Description of the task>
Each record that follows is to be reproduced character for character, pictures excepted.

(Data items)

• • • • • • •

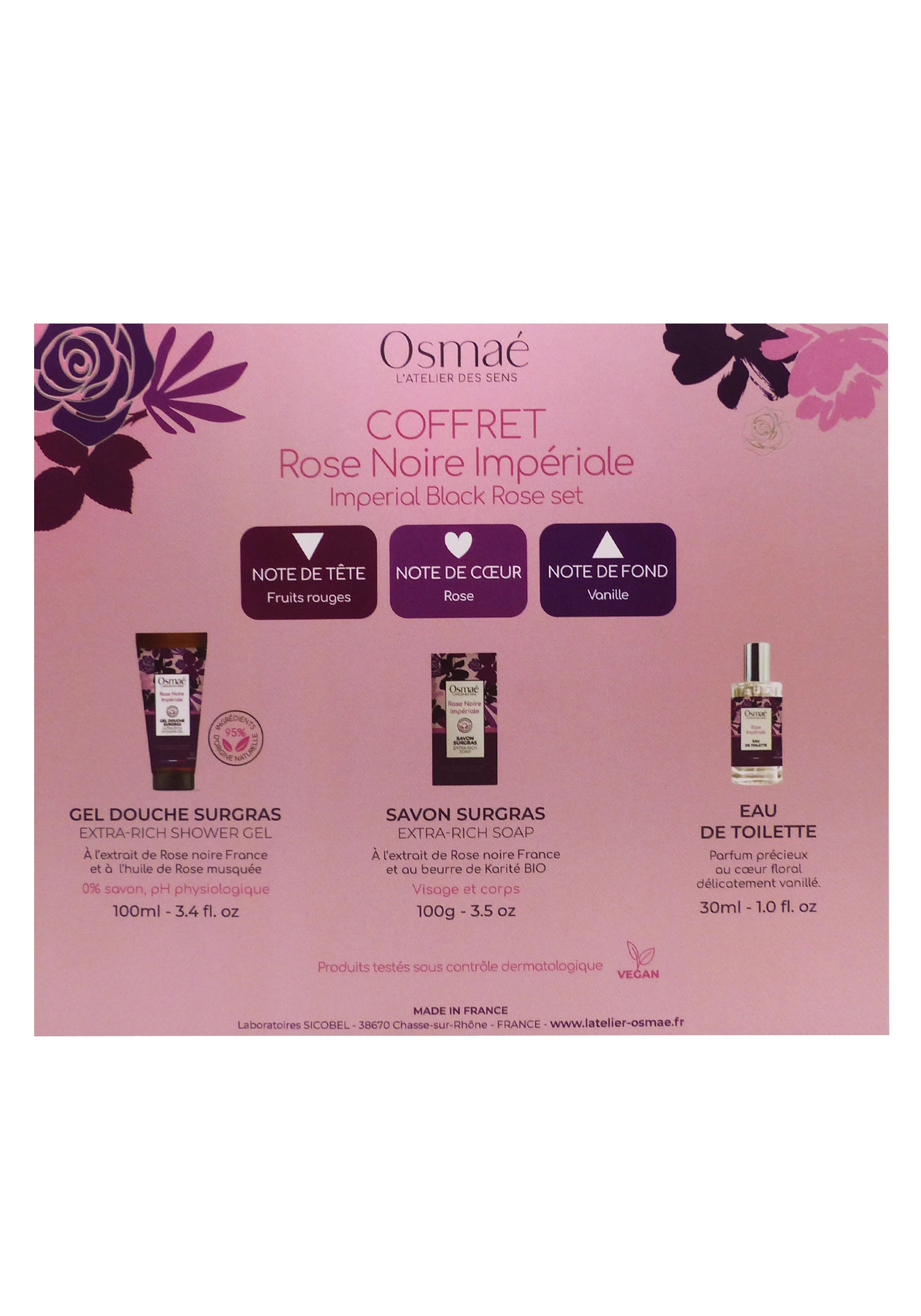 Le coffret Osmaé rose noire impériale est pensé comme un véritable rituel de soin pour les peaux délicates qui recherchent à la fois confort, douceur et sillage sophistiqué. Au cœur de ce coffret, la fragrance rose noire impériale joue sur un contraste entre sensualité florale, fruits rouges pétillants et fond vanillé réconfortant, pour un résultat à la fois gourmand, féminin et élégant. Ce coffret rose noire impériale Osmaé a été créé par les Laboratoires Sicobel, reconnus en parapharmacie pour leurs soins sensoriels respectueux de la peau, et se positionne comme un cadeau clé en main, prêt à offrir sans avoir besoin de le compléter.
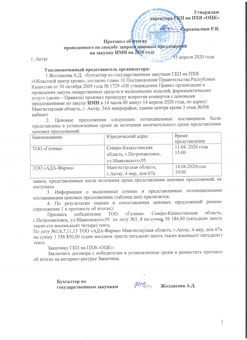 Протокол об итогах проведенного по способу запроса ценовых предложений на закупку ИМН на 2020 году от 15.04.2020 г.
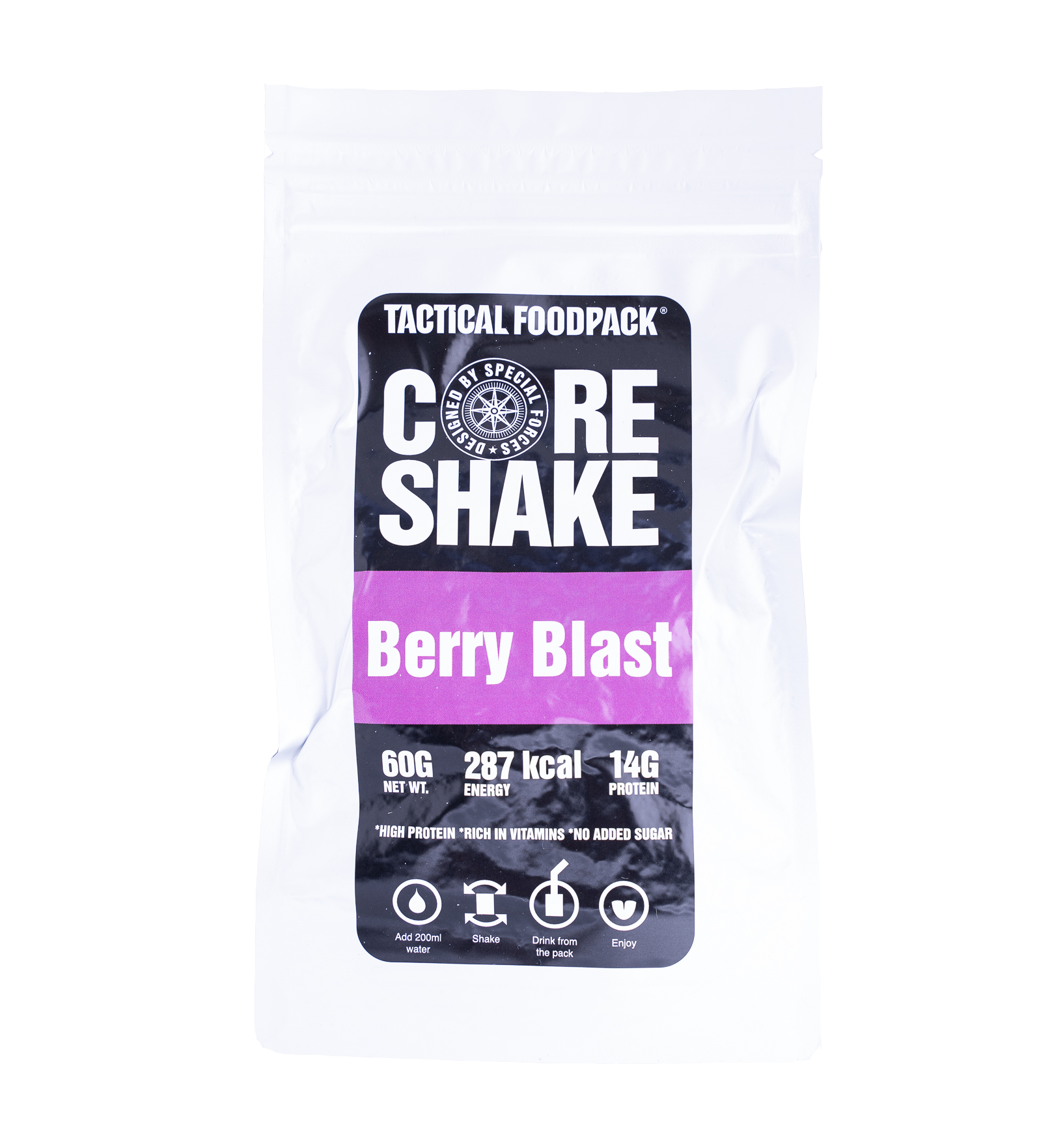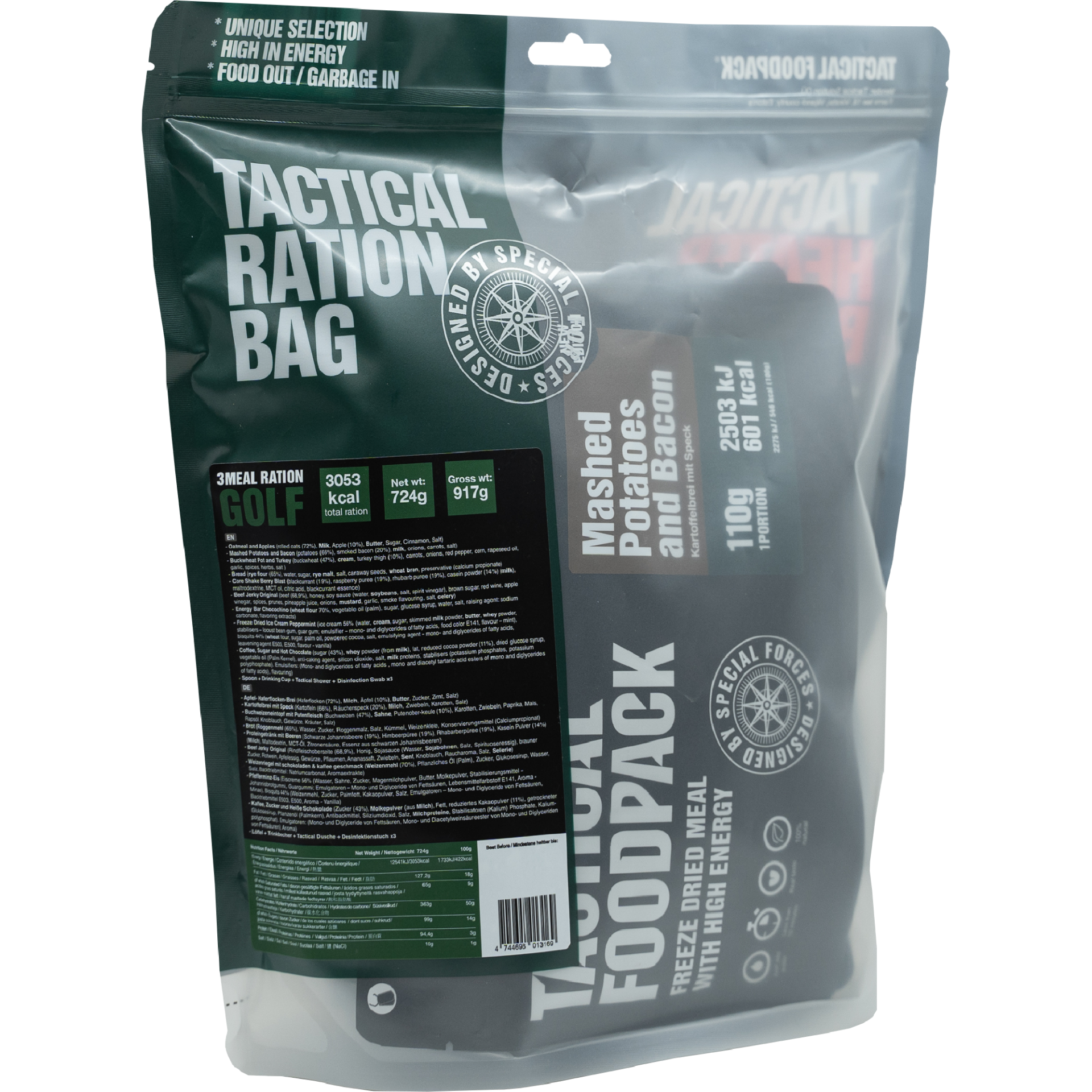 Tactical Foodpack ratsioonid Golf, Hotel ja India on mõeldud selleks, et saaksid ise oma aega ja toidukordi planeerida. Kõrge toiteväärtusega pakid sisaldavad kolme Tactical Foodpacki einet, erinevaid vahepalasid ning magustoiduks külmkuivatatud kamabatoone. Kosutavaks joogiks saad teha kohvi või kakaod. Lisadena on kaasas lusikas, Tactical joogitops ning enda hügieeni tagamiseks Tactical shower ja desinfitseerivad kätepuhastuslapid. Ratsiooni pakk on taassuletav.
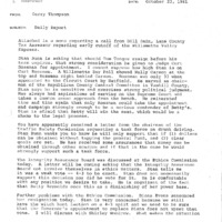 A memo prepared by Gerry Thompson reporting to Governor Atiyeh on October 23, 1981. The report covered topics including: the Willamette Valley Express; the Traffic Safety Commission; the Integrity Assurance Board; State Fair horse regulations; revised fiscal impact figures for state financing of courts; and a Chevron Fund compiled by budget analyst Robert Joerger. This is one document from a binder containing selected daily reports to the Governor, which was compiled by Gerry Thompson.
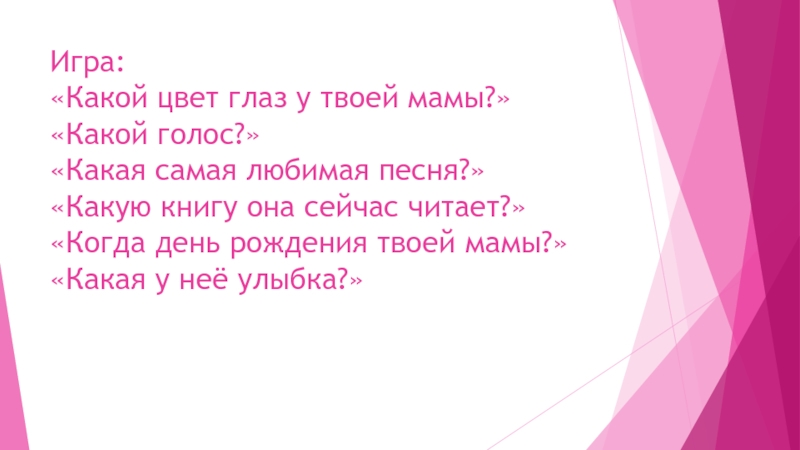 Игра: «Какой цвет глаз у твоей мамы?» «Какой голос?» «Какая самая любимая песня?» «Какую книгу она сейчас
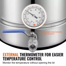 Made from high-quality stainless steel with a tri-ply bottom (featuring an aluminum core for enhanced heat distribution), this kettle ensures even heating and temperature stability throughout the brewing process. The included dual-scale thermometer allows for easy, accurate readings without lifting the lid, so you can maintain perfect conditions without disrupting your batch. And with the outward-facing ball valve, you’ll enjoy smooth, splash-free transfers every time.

• • • • • • •

Answer for this exercise>
 Le coffret Osmaé rose noire impériale est pensé comme un véritable rituel de soin pour les peaux délicates qui recherchent à la fois confort, douceur et sillage sophistiqué. Au cœur de ce coffret, la fragrance rose noire impériale joue sur un contraste entre sensualité florale, fruits rouges pétillants et fond vanillé réconfortant, pour un résultat à la fois gourmand, féminin et élégant. Ce coffret rose noire impériale Osmaé a été créé par les Laboratoires Sicobel, reconnus en parapharmacie pour leurs soins sensoriels respectueux de la peau, et se positionne comme un cadeau clé en main, prêt à offrir sans avoir besoin de le compléter.
 Протокол об итогах проведенного по способу запроса ценовых предложений на закупку ИМН на 2020 году от 15.04.2020 г.
 Tactical Foodpack ratsioonid Golf, Hotel ja India on mõeldud selleks, et saaksid ise oma aega ja toidukordi planeerida. Kõrge toiteväärtusega pakid sisaldavad kolme Tactical Foodpacki einet, erinevaid vahepalasid ning magustoiduks külmkuivatatud kamabatoone. Kosutavaks joogiks saad teha kohvi või kakaod. Lisadena on kaasas lusikas, Tactical joogitops ning enda hügieeni tagamiseks Tactical shower ja desinfitseerivad kätepuhastuslapid. Ratsiooni pakk on taassuletav.
 A memo prepared by Gerry Thompson reporting to Governor Atiyeh on October 23, 1981. The report covered topics including: the Willamette Valley Express; the Traffic Safety Commission; the Integrity Assurance Board; State Fair horse regulations; revised fiscal impact figures for state financing of courts; and a Chevron Fund compiled by budget analyst Robert Joerger. This is one document from a binder containing selected daily reports to the Governor, which was compiled by Gerry Thompson.
 Игра: «Какой цвет глаз у твоей мамы?» «Какой голос?» «Какая самая любимая песня?» «Какую книгу она сейчас
 Made from high-quality stainless steel with a tri-ply bottom (featuring an aluminum core for enhanced heat distribution), this kettle ensures even heating and temperature stability throughout the brewing process. The included dual-scale thermometer allows for easy, accurate readings without lifting the lid, so you can maintain perfect conditions without disrupting your batch. And with the outward-facing ball valve, you’ll enjoy smooth, splash-free transfers every time.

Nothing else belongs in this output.